=== PROBLEM TO SOLVE ===
Below are the records; output them exactly from the first line through the line with "El Banco de", stopping there.

[Saved entries]

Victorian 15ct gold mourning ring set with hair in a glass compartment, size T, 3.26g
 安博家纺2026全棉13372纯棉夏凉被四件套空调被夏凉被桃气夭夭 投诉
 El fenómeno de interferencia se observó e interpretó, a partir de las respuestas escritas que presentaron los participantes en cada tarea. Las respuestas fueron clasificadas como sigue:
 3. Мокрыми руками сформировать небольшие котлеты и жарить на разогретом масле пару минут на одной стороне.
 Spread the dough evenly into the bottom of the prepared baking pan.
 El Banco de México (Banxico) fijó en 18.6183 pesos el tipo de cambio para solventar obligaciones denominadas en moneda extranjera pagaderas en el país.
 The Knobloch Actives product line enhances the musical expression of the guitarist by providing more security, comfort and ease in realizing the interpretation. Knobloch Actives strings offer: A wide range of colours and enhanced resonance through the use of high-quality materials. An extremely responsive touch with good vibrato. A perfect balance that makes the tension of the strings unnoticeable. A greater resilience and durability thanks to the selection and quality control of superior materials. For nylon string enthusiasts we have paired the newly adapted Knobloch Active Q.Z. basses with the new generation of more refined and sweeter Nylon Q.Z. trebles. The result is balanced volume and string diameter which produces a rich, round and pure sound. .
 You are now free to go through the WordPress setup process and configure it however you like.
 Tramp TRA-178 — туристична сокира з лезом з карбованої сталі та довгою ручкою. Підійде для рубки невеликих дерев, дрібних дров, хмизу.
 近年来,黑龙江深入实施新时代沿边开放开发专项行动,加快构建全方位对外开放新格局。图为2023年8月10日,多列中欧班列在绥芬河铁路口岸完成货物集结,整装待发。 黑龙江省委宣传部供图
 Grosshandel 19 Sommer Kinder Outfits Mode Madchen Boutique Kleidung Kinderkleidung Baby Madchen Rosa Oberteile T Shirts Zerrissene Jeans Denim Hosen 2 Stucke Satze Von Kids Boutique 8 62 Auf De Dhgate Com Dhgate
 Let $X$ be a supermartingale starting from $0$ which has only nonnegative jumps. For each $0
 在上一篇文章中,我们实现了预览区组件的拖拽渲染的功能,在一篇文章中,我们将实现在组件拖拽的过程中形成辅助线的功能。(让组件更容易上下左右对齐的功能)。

=== ANSWER BOX ===
Victorian 15ct gold mourning ring set with hair in a glass compartment, size T, 3.26g
 安博家纺2026全棉13372纯棉夏凉被四件套空调被夏凉被桃气夭夭 投诉
 El fenómeno de interferencia se observó e interpretó, a partir de las respuestas escritas que presentaron los participantes en cada tarea. Las respuestas fueron clasificadas como sigue:
 3. Мокрыми руками сформировать небольшие котлеты и жарить на разогретом масле пару минут на одной стороне.
 Spread the dough evenly into the bottom of the prepared baking pan.
 El Banco de México (Banxico) fijó en 18.6183 pesos el tipo de cambio para solventar obligaciones denominadas en moneda extranjera pagaderas en el país.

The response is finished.